Vehical Breakdown cover (Abroad) - any info on best buys?


----------



## Miles (11 Oct 2006)

Hibernian offer Breakdown Assist as part of there standard comprehensive insurance cover. 

If you have done the ignition course I am finding Hibernian hard to beat as regards quotes. 

No affiliated to Hibernain by the way...


----------



## comanche (11 Oct 2006)

if you get insurance thru the AA (broker) you can get breakdown assist at a reduced price. Make sure that your insurance doesn't include breakdown cover already.


----------



## Humpback (11 Oct 2006)

FBD offer it as part of their policy as well.


----------



## Karl Grabe (11 Oct 2006)

I should have been a bit clearer - breakdown cover abroad.
There's the AA 5 star which seems expensive and europassist don't seem to deal ouside the "UK area". An email from Europassist mentioned two companies: 
Prestige             0494371505, Jardines            01  1026000 

Just wondering if anyone has had experience with these or others.


----------



## comanche (11 Oct 2006)

some domestic policies will cover you for a certain abroad with having to take extra protection...


----------



## vipera1 (30 Nov 2006)

Hi Karl,

I was insured twice with AA 5 star abroad. And I broke down both times !!. The AA were simply a nightmare to deal with *both* times. 
Look at alternatives if possible.

I am an ordinary punter, with *no *connection with any motoring, insurance or press company.


----------



## Jonathan H (4 Dec 2006)

some travel insurance companies include european motor assist.


----------



## huskerdu (5 Dec 2006)

I found RAC cheaper than the AA for vehicle breakdown abroad for my car.  
It can depend on the age of your car, however. Both have higher rates for
older cars, but the cut off point is different. I have an 7 year car, and 
the RAC only load the price for 8 year old cars. 
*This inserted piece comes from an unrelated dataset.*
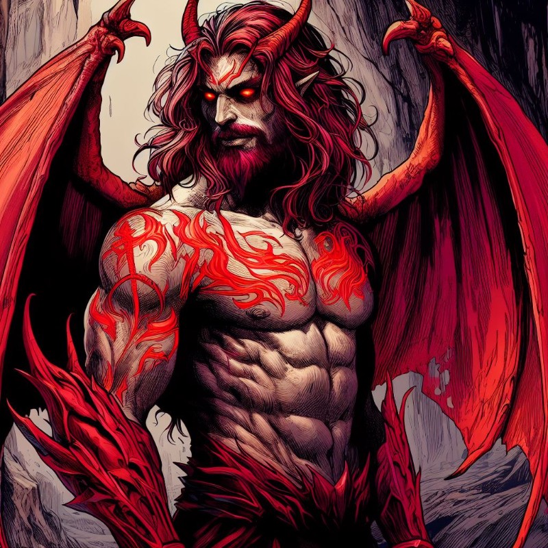 Suddenly, a man bursted out of a shadowy portal, commanding fear with his formidable presence. His eyes resembled molten magma, and ashen skin covered his muscular frame. He possessed waist-length fiery red hair, crimson pupil-less eyes, menacing red horns, and bat-like wings. A barbed tail completed his demonic look. The man wore a luxurious red ensemble with a flame-like glowing symbol on his bare chest. His wrists bore red, sharp bracers with enigmatic symbols, and his pointed ears gave him an elf-like appearance. His muscular, battle-worn body was exposed from the waist up, making him a formidable, imposing figure.

Can't comment on the service, as I didn't have to use it, thankfully.


----------



## Omega (9 Jan 2007)

Cornmarket offer an annual family policy - including European Motoring Cover (which is normally quite expensive in its own right) - for euro 73. This is by far he best value I've seen. I had cover with them for 2006, though I did not have a claim, so I don't know what they're like on that front.


----------



## CollyD (28 Mar 2007)

Would it not be cheaper to just rent a car over there for 30/40 Euro a day which would include break down cover?


----------



## bond-007 (28 Mar 2007)

vipera1 said:


> Hi Karl,
> 
> I was insured twice with AA 5 star abroad. And I broke down both times !!. The AA were simply a nightmare to deal with *both* times.
> Look at alternatives if possible.
> ...


Also the AA have a condition that if the cost of repairs/towing/returning the car home is more than the value of the car they simply won't do it. A real kick in the teeth for older car owners who must pay an increased premium to begin with.


----------



## bacchus (29 Mar 2007)

It may be provided by the car manufacturer if your car is less than 3 year old/100k kms, or if you have taken an extended warranty otherwise


----------